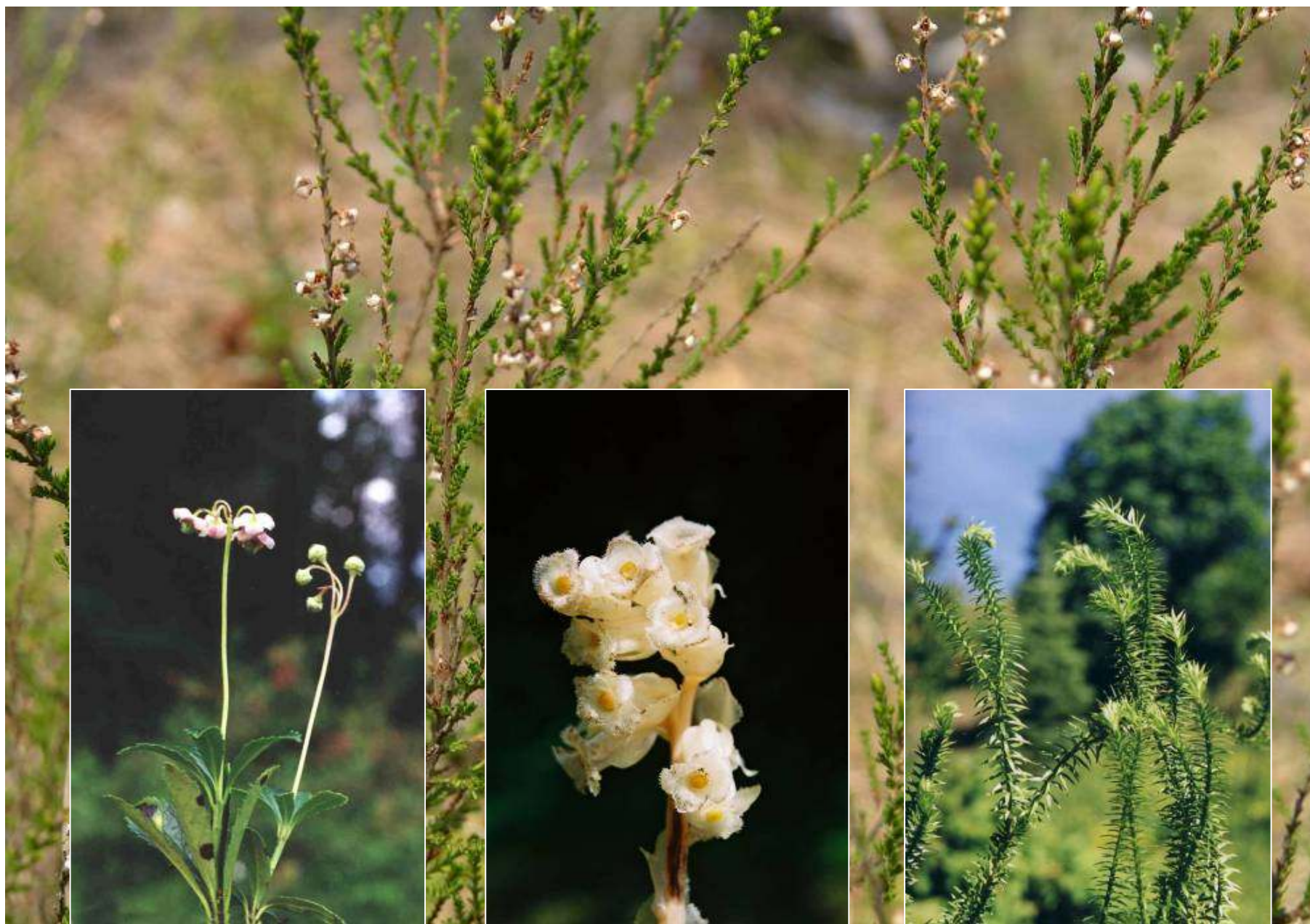
Rośliny boru sosnowego: wrzos pospolity, pomocnik baldaszkowaty, korzeniówka pospolita, widłak jałowcowaty.
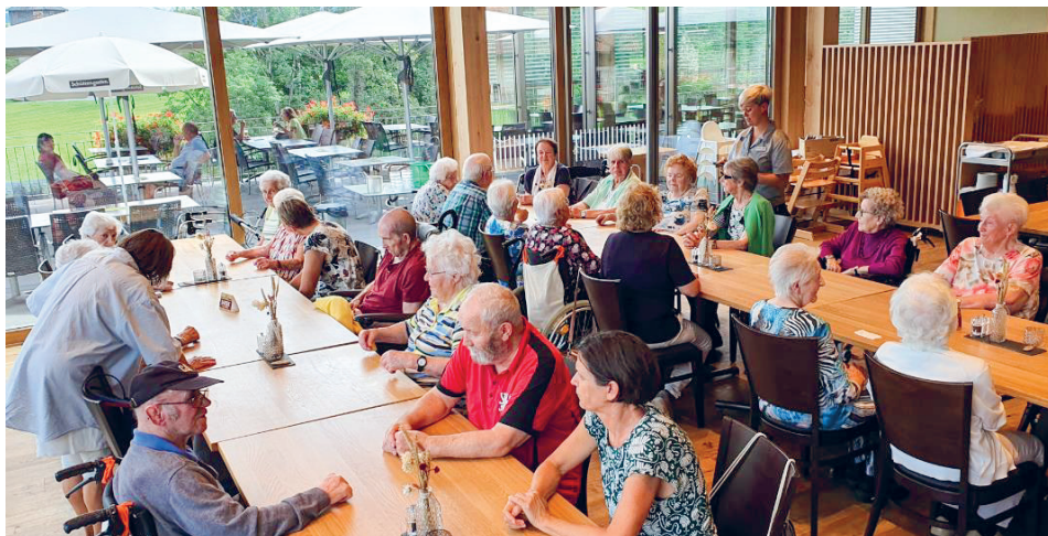
BewohnerInnen Ausflug nach Tufertschwil im September 2022
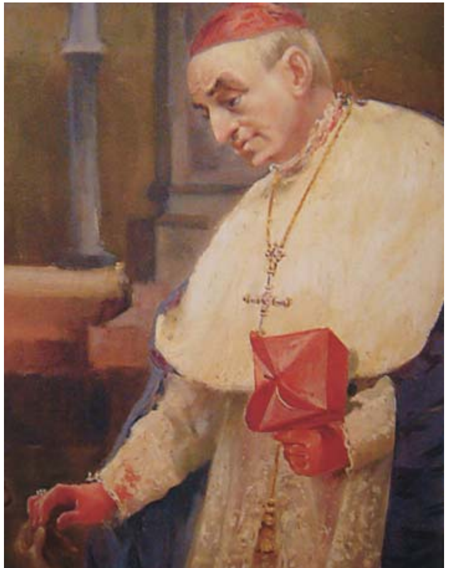
El Cardenal Sancha vivió pobre y «pobrísimamente murió».
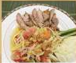
32. ส้มตำหมูย่าง 220 / 330 Spicy papaya salad with grilled pork
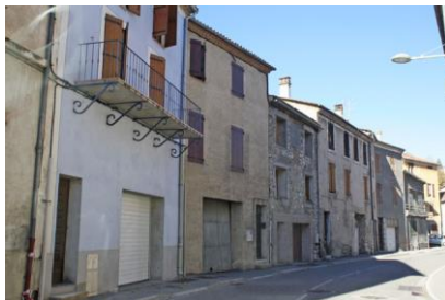
Beaucoup de logements fermés et non restaurés en centre ancien (Barrême)
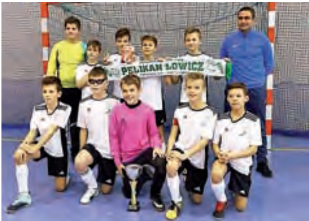
Drużyna fowickiego Pelikana-2007 nie kryła zadowolenia po turnieju.
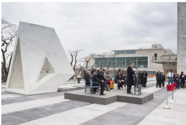
Minnesplats för slaveriets offer

Som en följd av kolonialiseringen i Nord- och Sydafrika blev slaveri accepterat i europeiska samhället. Européerna använde olika utseende och kultur till att rättfärdiga slavhandel. Rasism var alltså inte orsaken, men användes som en ursäkt för att delta i och utvidga slavhandeln till den grad att många faktiskt trodde att afrikaner var mindre värda än européer. Rasism blev därmed en integrerad del, inte bara av slavhandeln, men också i kolonisamhället som helhet.
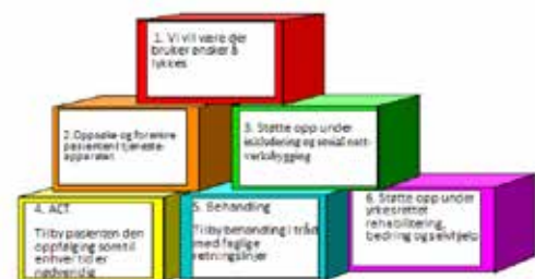
Byggesteiner i FACT

FACT Sør-Troms sier at det fortsatt en del utfordringer på systemnivå, blant annet med ulikt journalsystem, ulike lovverk og ulike behandlingsskiltninger som må forenes. Gjennom etablering av FACT, er det nå vi som tjeneste- og behandlingssystem som må løse disse utfordringene og ikke pasientene.
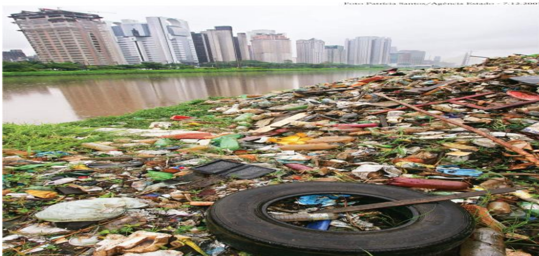
Lixo acumulado na margem do Rio Pinheiros, em São Paulo, em razão das chuvas.

Foto 1: Lixo acumulado nas margens do Rio Pinheiros em São Paulo.
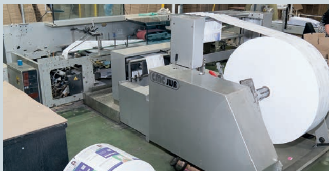
Отпечатанные платежные документы попадают в послепечатный цех, где они фальцуются, превращаясь в селфмейлеры с перфорацией с обеих сторон, и упаковываются для отправки адресату

можно быстрее доставить адресату, — поясняет Александр. — Стандартная практика работы — должно пройти не более 36 ч с момента выгрузки базы данных до доставки готовой квитанции получателю вне зависимости от удаленности региона, в котором он проживает. В силу этих причин у нас существует очень жесткий производственный график, учитывая, что более 80% заказов приходится на одни и те же сроки выполнения. Таким образом, на первую декаду каждого месяца выпадает пиковая нагрузка предприятия. Поскольку у нас, как правило, остается всего около полутора суток для доставки документации, существует и географическое ограничение нашей работы — в пределах 2 тыс. км от Москвы, а это практически вся европейская часть России. Сотрудничество с логистическими службами позволяет использовать разнообразие транспортных средств, чтобы осуществить срочную доставку».
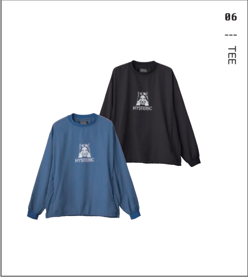
06 || TEE
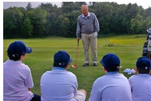
In England this October, Jack Nicklaus explains this more forgiving version of the game, called SNAG.
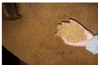
Gambar 1 Serbuk kayu ulin

Serbuk kayu ulin yang digunakan dalam penelitian ini berasal dari Desa Karang jawa, Kab Tanah Laut. Serbuk kayu ulin memiliki tekstur padat dapat dilihat pada Gambar 1 dibawah ini;
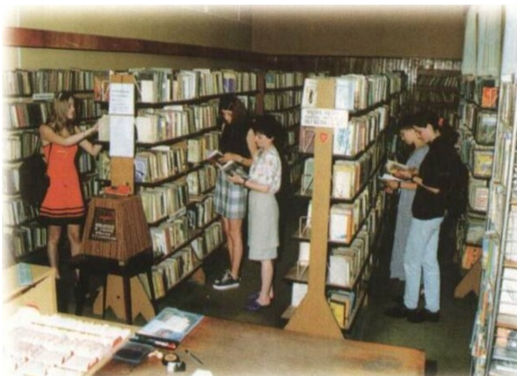
Wypożyczalnia dla Dorosłych
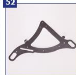
Supakavimo priedai pagal ISO 7176-19

-----

TRY IT: Pull every line that holds the string "FACT" out of the records.

RESULT:
Byggesteiner i FACT
FACT Sør-Troms sier at det fortsatt en del utfordringer på systemnivå, blant annet med ulikt journalsystem, ulike lovverk og ulike behandlingsskiltninger som må forenes. Gjennom etablering av FACT, er det nå vi som tjeneste- og behandlingssystem som må løse disse utfordringene og ikke pasientene.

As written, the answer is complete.